Thursday, February 13, 2014

WHITE MEN DESTROY TREES, HOMES, STEAL LAND - THIS IS NOT NEWS - IT IS THE USUAL

 
Just as Africans helped Europeans and Americans to take millions of African people as slaves, so the governments of African countries are helping wealthy white men and their multi-millionaire corporations to destroy trees, homes, villages - even their cemeteries - and steal their land from African people today.
 
Phyllis Carter
 

We've featured the BBC series Why Poverty before, but this time we'll check our sarcasm at the door and share another really captivating episode, Land Rush.  Directed by Eli Cane, Land Rush explores "landgrabs" in Mali – the buying or leasing of big plots of land in developing nations by international or domestic companies, governments, and in some cases, extremely wealthy individuals.

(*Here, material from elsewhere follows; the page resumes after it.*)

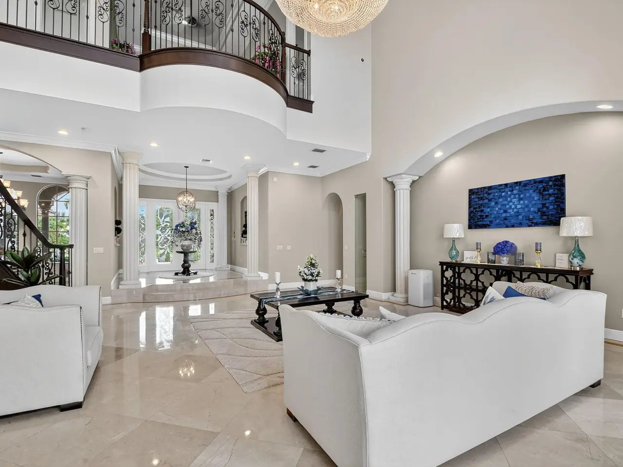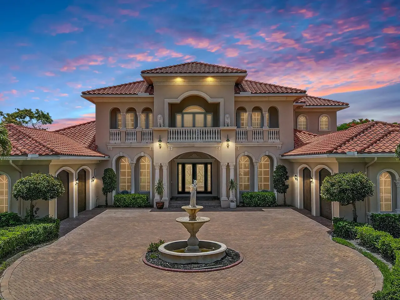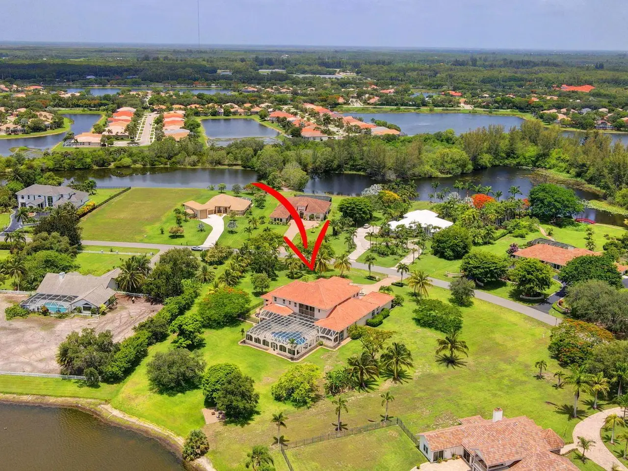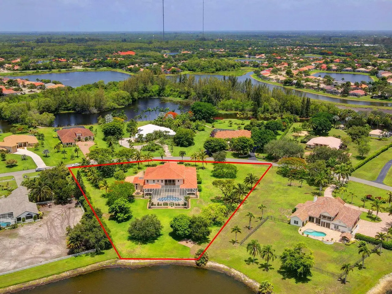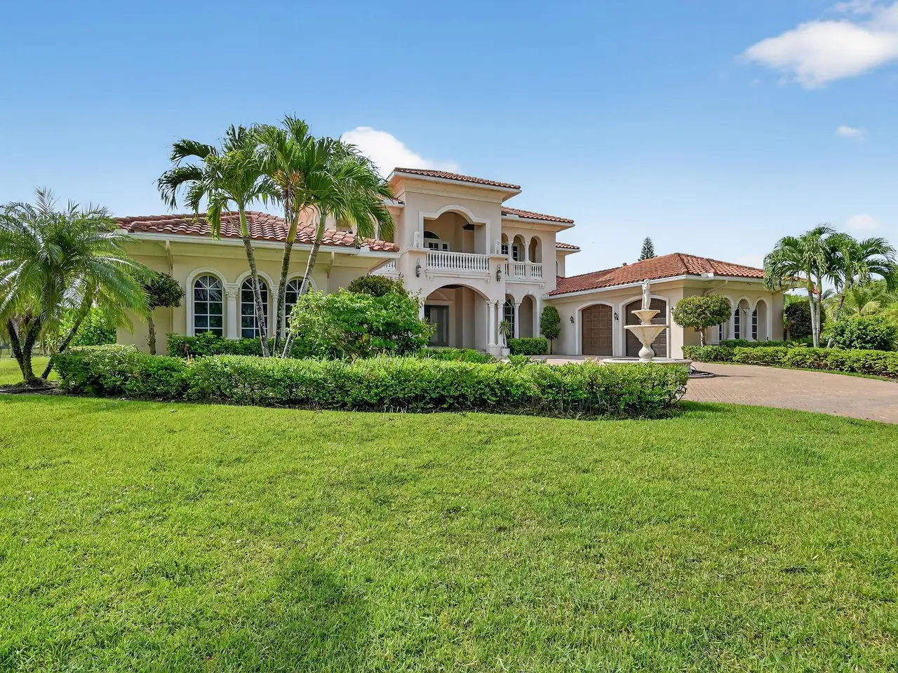Casual elegance & exquisite craftsmanship define this magnificent custom-built home featuring 6 bedrooms, 7.5 bathrooms & 4 car garage. Situated on over 2 acres, the estate welcomes you with a wide circular driveway & fountain centerpiece. In the grand foyer, gleaming marble floors, a dazzling crystal chandelier & soaring ceilings create an unforgettable first impression. A breathtaking winding staircase sets the tone for the sophisticated design found throughout. The chef's island kitchen is a culinary dream, with 2 wall ovens, a Sub-Zero refrigerator & gas stove- perfect for entertaining or everyday luxury. Nearly every main room showcases a unique ceiling design, adding character & charm at every turn! Outside is your resort-style oasis. The pool/spa area is framed by elegant walled arches, creating a serene Mediterranean retreat. Multiple balconies & patios offer the perfect setting for al fresco dining, relaxation or entertaining. Wander down to the peaceful lakeside patio and soak in the views. Equestrians, your horses are welcome! Despite the serene seclusion, this exceptional home is conveniently located near restaurants, shops, cultural venues, & the Palm Beach International Airport. This one-of-a-kind estate is where timeless design meets modern luxury. Come experience it for yourself!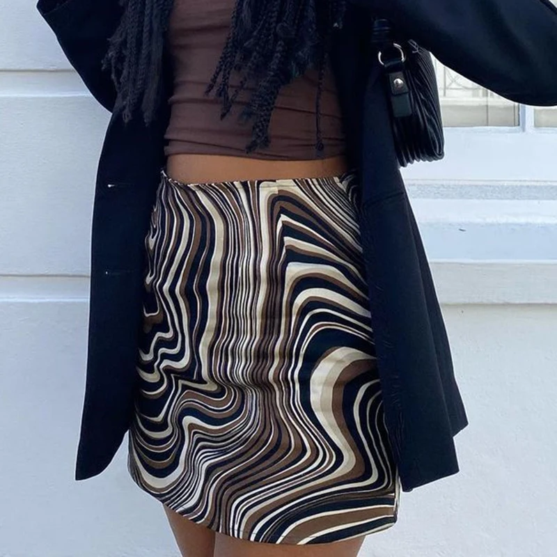 Y2K мини юбки женский Harajuku летняя одежда волна Геометрическая Юбка коричневая юбка Сексуальная короткая юбка милые юбки-карандаш в винтажном стиле, сапоги в панковском стиле,

The documentary charts the 600 million dollar project "Sosumar", which is a partnership between Mali's government, African Development Bank, Illovo Sugar (South Africa), and American agricultural developer Mima Nedelcovych's Louisiana-based consulting firm. Sosumar, began planning in 2000, and in 2010 the project has yet to fully take off.

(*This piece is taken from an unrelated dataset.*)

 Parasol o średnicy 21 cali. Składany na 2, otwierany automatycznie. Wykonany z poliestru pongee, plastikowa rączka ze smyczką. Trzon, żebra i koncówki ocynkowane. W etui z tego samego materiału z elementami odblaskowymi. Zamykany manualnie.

The films details Nedelcovych's enthusiasm for creating a project that will promote sustainability and growth for Mali, while also illuminating the trepidation and unease of thousands of farm owners that will have to relinquish their land to the government to become sugar cane growers if they still want to farm the land that was once theirs.

 

Why Poverty: Land Grabs in Mali

 

A particularly haunting moment in the film features an elderly woman from Markala describing the experience of her land confiscation. Another community member recalls the destruction of their cemeteries before they were given the chance to relocate their loved ones' graves.

However, the documentary is also effective at highlighting the complexities of the issues at hand. Explaining her experience with the film, Co-director Osvalde Levat states, "I also realized that sometimes the reality is less Manichean than I would like to think. For some, the sale of farmland is a new form of colonial dependence, for others it is the last resort to get out of entrenched and deepening poverty." The film is especially interesting as over the past year partners such as Illovo have withdrawn from the project because of the instability in Mali.

Contextualizing the film with the current reality in Mali, Co-director Hugo Berkeley notes that while some aspects of the Sosumar project seemed like they might have a positive impact on development, "recent events in Mali, linked in many ways to last-year's conflict in Libya, have moved the country into some nether-realm between a functioning and a failed state.

The Malians we follow in this story now find themselves in a hole from which it will be very difficult to extricate themselves."